Kimlik gelişiminin benlik duygusuyla başlaması ve gençlik döneminde kendine özgü değer yargıları bulması da sağlıklı bir gelişim için gerekli aşamalar olduğu belirtilirken, rol karmaşası döneminde yani 12-18 yaşları arasında kimlik sorununun dönüm noktasına ulaştığı uzmanlar tarafından vurgulanmaktadır. Temelde hem bedensel hem de ruhsal gelişimin bu yaş aralığında hız kazanmasının bunda rolü büyüktür.

Bireylerin sahip olması beklenen kimlik türü sürekli tartışılmaktadır. Artık bireylerin birden fazla grubun üyesi oldukları anlamaları beklenmektedir. Bireyin sahip olduğu bu çoklu kimliklerin biri diğerinden üstün görülemez. Bu anlayış ötekilerin yaratılmasını da güçleştirmektedir (Tekeli’den aktaran Akçalı, 2007, s. 129). Meselâ bir insan evinde bir baba, okulda bir öğretmen, sokakta vatandaş kimliğine sahip olabilir. Bazen de Türk asıllı Amerikalı ya da İngiliz asıllı Türk kimliklerine sahip olabilir (Kıcır ve Aksoy, 2004, s. 2447). Yani herhangi bir bireyin sahip olduğu kimliklerin listesi potansiyel olarak sonsuza kadar uzanır; dolayısıyla, aidiyetler aynı şekilde sonsuza kadar uzanır. Bütün bu aidiyet çeşitliliği içerisinde aidiyetlerden hangisinin öne çıkarılacağı, hangisiyle özdeşim kurulacağı, birey veya topluluk için hangi kimliğin diğerlerine göre daha anahtar role sahip olacağı, birçok bireysel ve toplumsal etkene bağlıdır. Bu etkenlerin bireylere ve topluma göre son derece değişken olması ise, aidiyet/kimlik dünyasında gerçekleşen sıralamaların olanca biçimiyle değişken olduğunu gösterir (Vatandaş’dan aktaran Ünal, 2008, s. 120).

Büyük bir topluluğun kimliği de çok sayıda kimliğin karşılıklı etkileşimi sonucunda inşa edilir. Bireysel ve sosyal kimlikler arasındaki ilişki, çok kimlikli bir ortamda değişen koşullara ve dengelere göre sürekli olarak yeniden üretildiği için dinamik bir yapıya sahiptir. Bireysel ve toplumsal örüntüler arasındaki ilişkiler normal koşullar altında karşılıklı etkileşime dayalı istikrarlı bir süreç oluşturur (Şimşek, 2002, s. 35).
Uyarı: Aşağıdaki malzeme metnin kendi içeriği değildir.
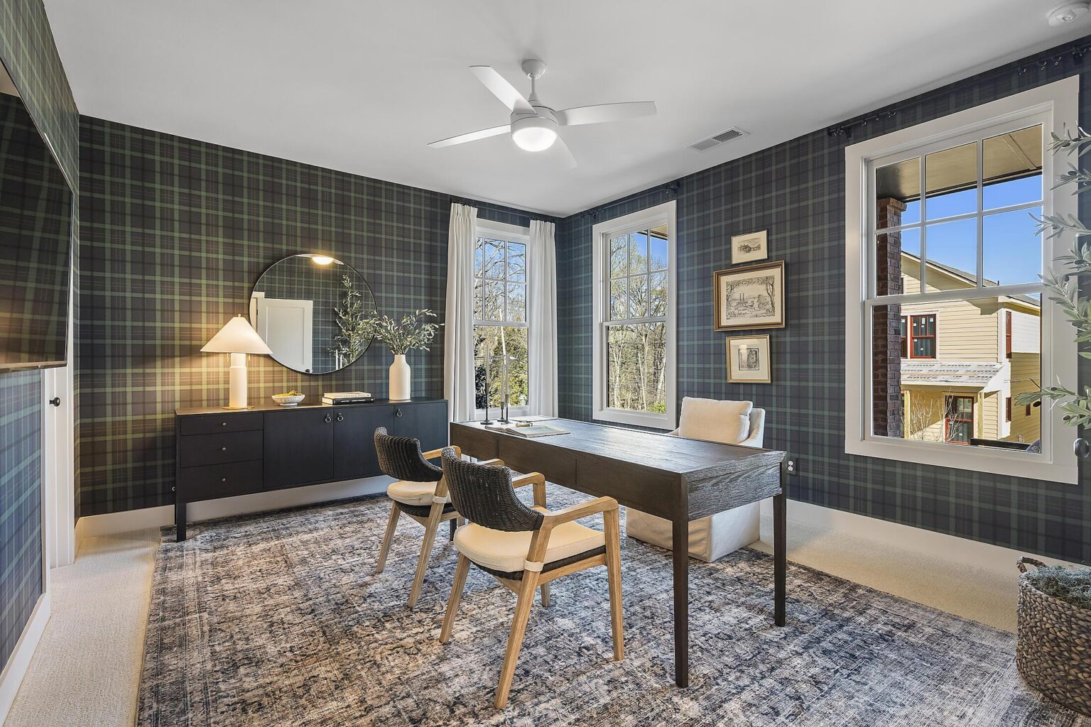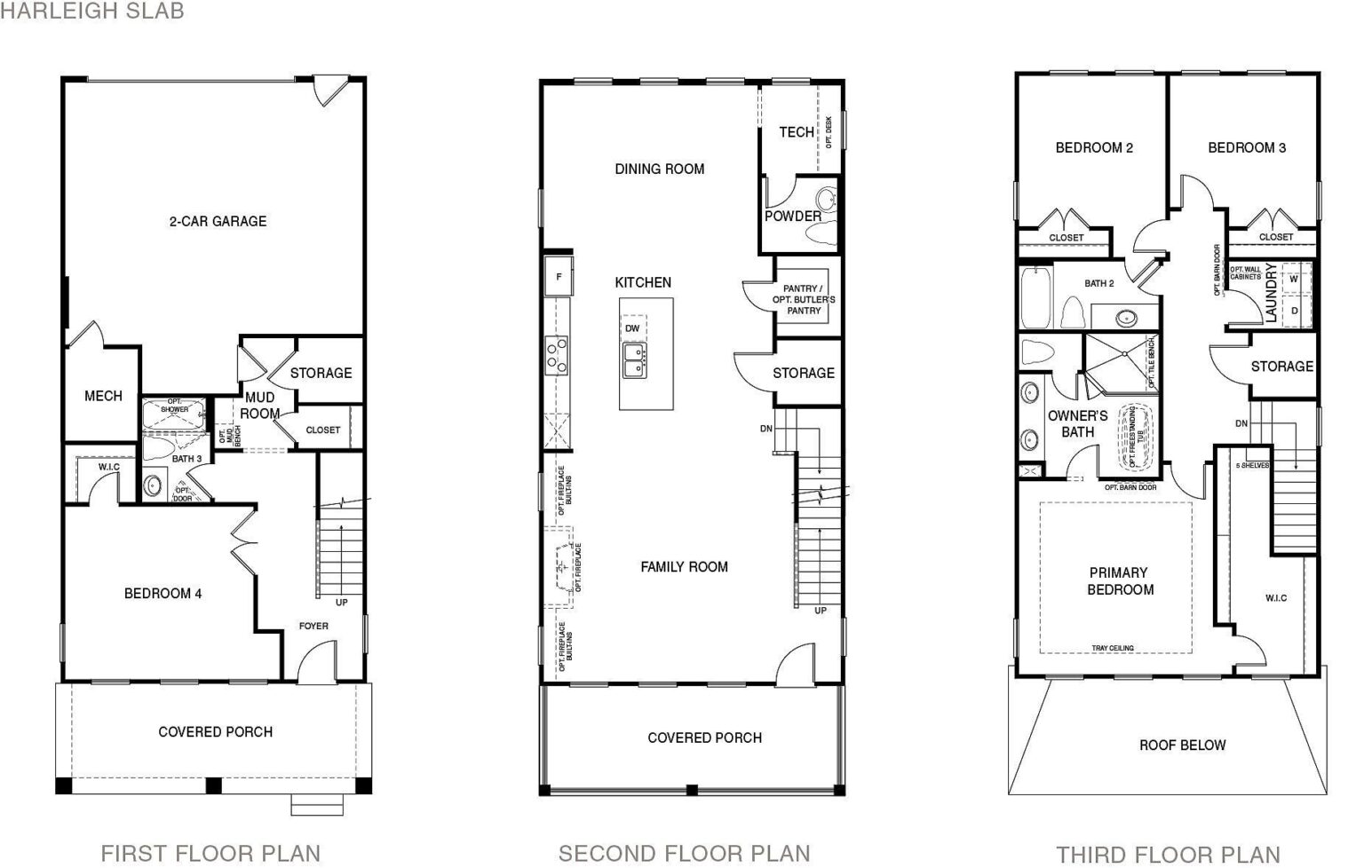 The Harleigh plan features amazing details with an abundance of space. The first floor features an expansive fourth bedroom with a full bath and mud room. The main floor features a spacious family room with fireplace opening out to your 2nd floor-covered porch, an oversized island large enough to serve as a buffet, a chef’s kitchen with high-end stainless steel appliances, stained/painted cabinets featuring soft close doors/drawers, walk-in pantry that’s alongside the butler’s pantry, the dining room is perfect for your oversized dining table, and a tech area perfect for your drop off station. The 3rd floor features a generous primary bedroom with a large walk-in custom-designed closet, a spacious bathroom with luxury tiles, large walk-in shower, and a lavish soaking tub. There is a laundry room and 2 secondary bedrooms that share a full bath.

Bir birey, ait olduğu grubun özellikleri ve diğer grupların konumlarını kendi grubunun konumuyla karşılaştırma yoluyla, üyesi olduğu gruba yönelik olarak olumlu veya olumsuz sosyal kimliğe sahip olmaktadır. Bireyin kendisini üyesi olarak algıladığı grupların olumlu

özellikleri arttıkça olumlu sosyal kimlik oluşturma olasılığı artmakta ve birey, gruplarının üyesi olmaktan dolayı kendini daha değerli hissetmektedir (Coşkun, 2006, s. 20). Bireylerin belli bir düşünce altında birleşmesiyle de kolektif bir bellek oluşur.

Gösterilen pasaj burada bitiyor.